Repeat the records below exactly from the line containing "On April 22, Alex" to the line containing "Makita DBO 180", taking in both of those lines. Drop the pictures.

-------- DATA TO PROCESS --------

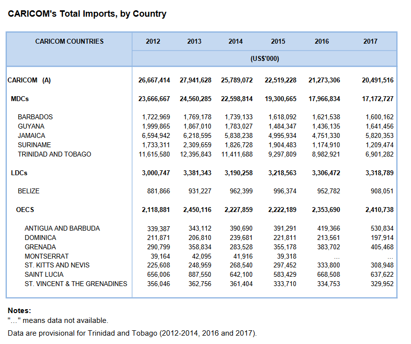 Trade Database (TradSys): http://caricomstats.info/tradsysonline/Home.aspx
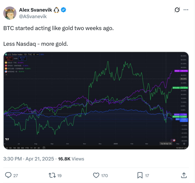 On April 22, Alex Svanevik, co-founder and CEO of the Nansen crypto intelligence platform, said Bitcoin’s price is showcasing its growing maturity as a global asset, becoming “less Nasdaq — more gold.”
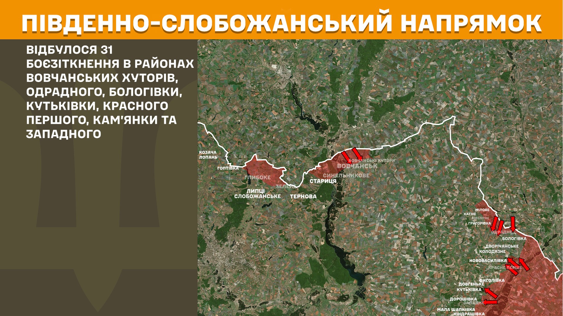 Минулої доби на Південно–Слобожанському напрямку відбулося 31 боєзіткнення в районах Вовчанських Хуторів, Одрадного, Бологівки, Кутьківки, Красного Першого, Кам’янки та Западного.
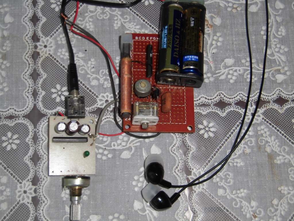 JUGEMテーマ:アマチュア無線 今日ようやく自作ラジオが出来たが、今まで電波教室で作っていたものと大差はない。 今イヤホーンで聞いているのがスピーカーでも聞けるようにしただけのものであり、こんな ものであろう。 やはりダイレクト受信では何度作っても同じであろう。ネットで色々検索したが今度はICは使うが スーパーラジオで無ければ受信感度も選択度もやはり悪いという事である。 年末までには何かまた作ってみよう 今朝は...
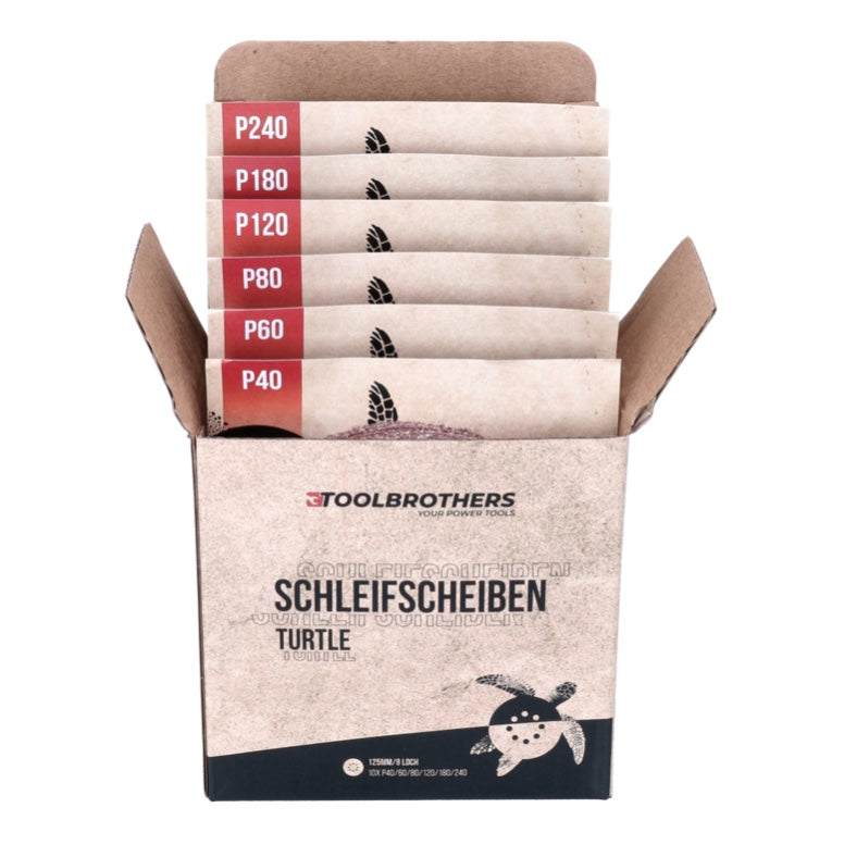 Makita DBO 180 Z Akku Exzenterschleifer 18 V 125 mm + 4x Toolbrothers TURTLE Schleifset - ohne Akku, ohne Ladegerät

--------
-------- DATA TO PROCESS --------

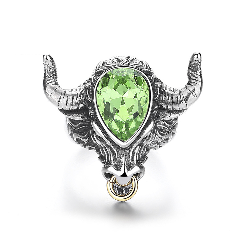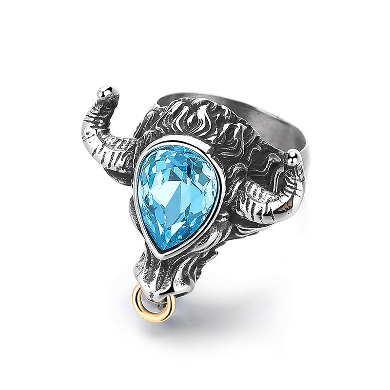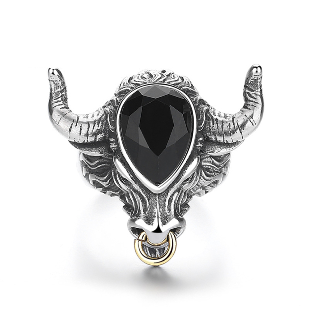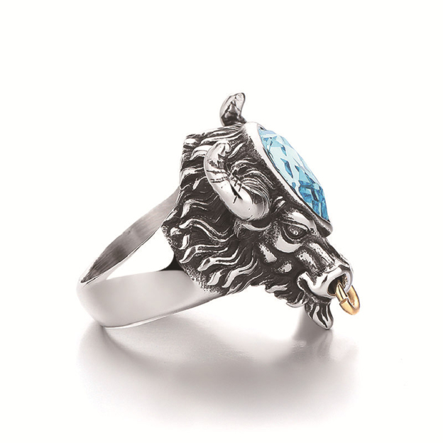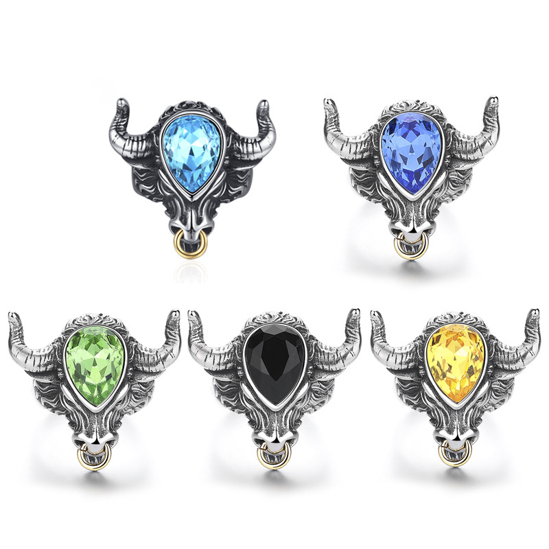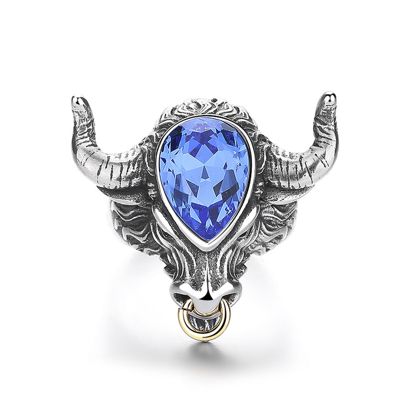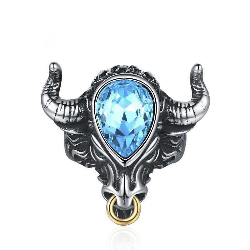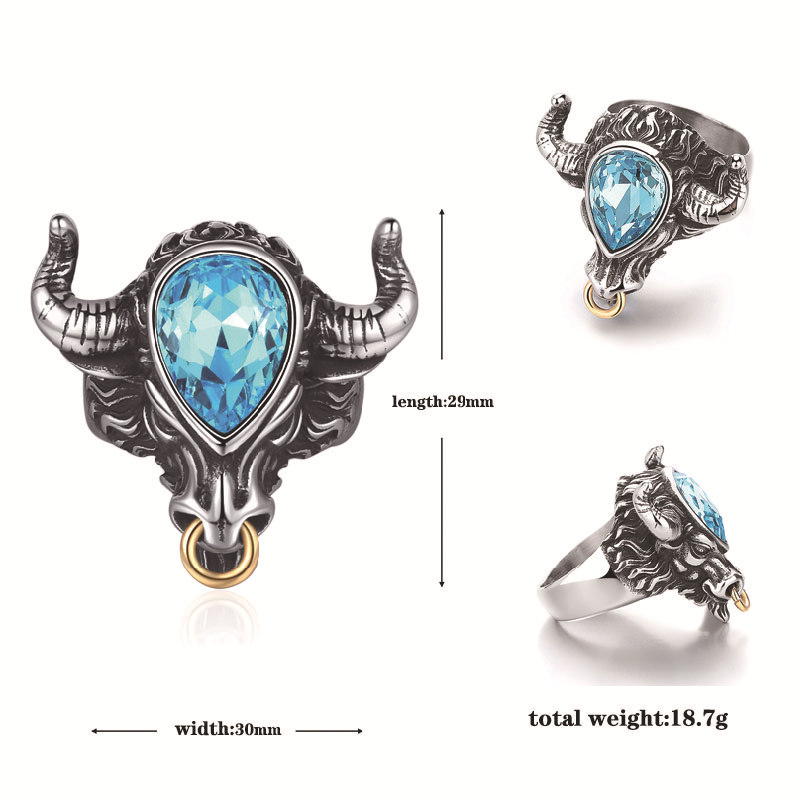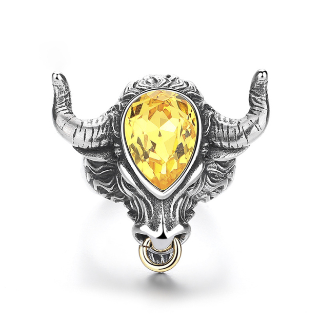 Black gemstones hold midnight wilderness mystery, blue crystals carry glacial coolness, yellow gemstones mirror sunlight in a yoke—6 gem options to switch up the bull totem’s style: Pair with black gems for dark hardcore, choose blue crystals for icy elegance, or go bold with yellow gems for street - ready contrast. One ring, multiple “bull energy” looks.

--------
-------- DATA TO PROCESS --------

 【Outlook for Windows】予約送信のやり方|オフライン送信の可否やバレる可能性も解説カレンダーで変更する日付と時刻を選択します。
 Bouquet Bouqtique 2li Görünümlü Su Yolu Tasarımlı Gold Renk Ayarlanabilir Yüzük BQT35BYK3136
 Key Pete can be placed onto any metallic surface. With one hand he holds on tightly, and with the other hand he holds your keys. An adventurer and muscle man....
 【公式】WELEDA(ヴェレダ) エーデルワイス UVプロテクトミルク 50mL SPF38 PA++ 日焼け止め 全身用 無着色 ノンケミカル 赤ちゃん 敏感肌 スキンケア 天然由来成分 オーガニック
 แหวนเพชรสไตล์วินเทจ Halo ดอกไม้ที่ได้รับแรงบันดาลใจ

--------

OUTPUT OF THE EXERCISE:
 On April 22, Alex Svanevik, co-founder and CEO of the Nansen crypto intelligence platform, said Bitcoin’s price is showcasing its growing maturity as a global asset, becoming “less Nasdaq — more gold.”
 Минулої доби на Південно–Слобожанському напрямку відбулося 31 боєзіткнення в районах Вовчанських Хуторів, Одрадного, Бологівки, Кутьківки, Красного Першого, Кам’янки та Западного.
 JUGEMテーマ:アマチュア無線 今日ようやく自作ラジオが出来たが、今まで電波教室で作っていたものと大差はない。 今イヤホーンで聞いているのがスピーカーでも聞けるようにしただけのものであり、こんな ものであろう。 やはりダイレクト受信では何度作っても同じであろう。ネットで色々検索したが今度はICは使うが スーパーラジオで無ければ受信感度も選択度もやはり悪いという事である。 年末までには何かまた作ってみよう 今朝は...
 Makita DBO 180 Z Akku Exzenterschleifer 18 V 125 mm + 4x Toolbrothers TURTLE Schleifset - ohne Akku, ohne Ladegerät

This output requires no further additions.